This study is limited in scope to the constructs measured in relation to the specific VR experiences. It does not seek to answer questions such as the influence of VR vs. traditional media, which have already been documented in several studies with mixed results. Archer and Finger (2018) found that immersive formats resulted in stronger empathic responses than traditional media, with a higher probability of participants taking part in political or social actions. Research conducted at Oxford University compared the prosocial impact of conventional and immersive media finding that target-specific VR formats have a bigger influence on users (Van Loon et al., 2018). In a study comparing effects on empathy between participants consuming the content as either a written script, two-dimensional screened video or 360-degree, three-dimensional immersive virtual reality experience, Steinfeld (2020) showed no correlation between the method of content consumption and participant’s empathetic reaction.

The methodology and findings of our study are limited by the demographics of the sample, which only included university students from the United States. There can be no claims of generalizability and we encourage similar studies to be conducted across cultures. Additional limitations include the self-reported assessments utilized for dependent variables, the process of choosing which VR experiences to test, and the lack of previous studies linking VR to compassion, moral reasoning, and moral foundations.
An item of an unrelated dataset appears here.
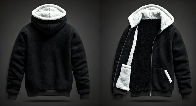 A cozy black fleece jacket with a soft white sherpa lining perfect for warmth and comfort ideal for casual wear in cold weather.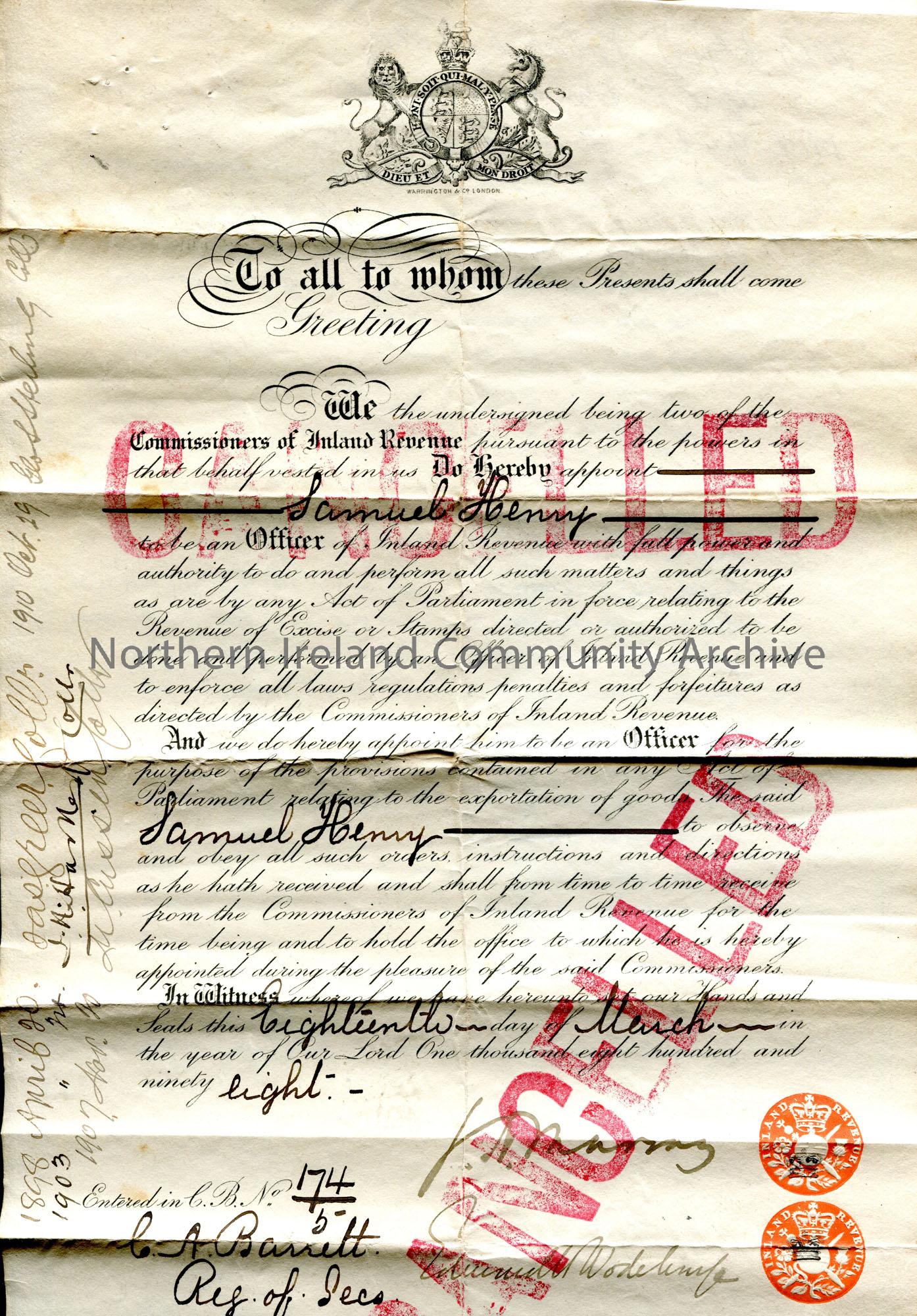 Printed document for the appointment of Samuel Henry as an Officer of the Inland Revenue on 18th March, 1898. Signed by two Commissioners of the Inland Revenue - J N Murray and Edmund ? Entered in C. B. No. 174 by C. A. Barrett, Ref of Secs. Two red 'CANCELLED' stamps over document. Handwritten dates and names on left margin and on reverse 1898-1929.

Larger studies across geo-political groups, levels of education, cultures, religions, and several other demographics will provide increased validity, reliability and insights to possibly predict and drive specific outcomes. Incorporating VR into experiential education programs might possibly help our students develop higher forms of moral reasoning to address the collective challenges we face as a global community. We do not propose that higher stages of moral reasoning are right while lower stages are wrong, but we do propose the development of more complex decision-making skills may help students move beyond singular and dichotomous levels of thought and decision-making tendencies involving primarily personal interest.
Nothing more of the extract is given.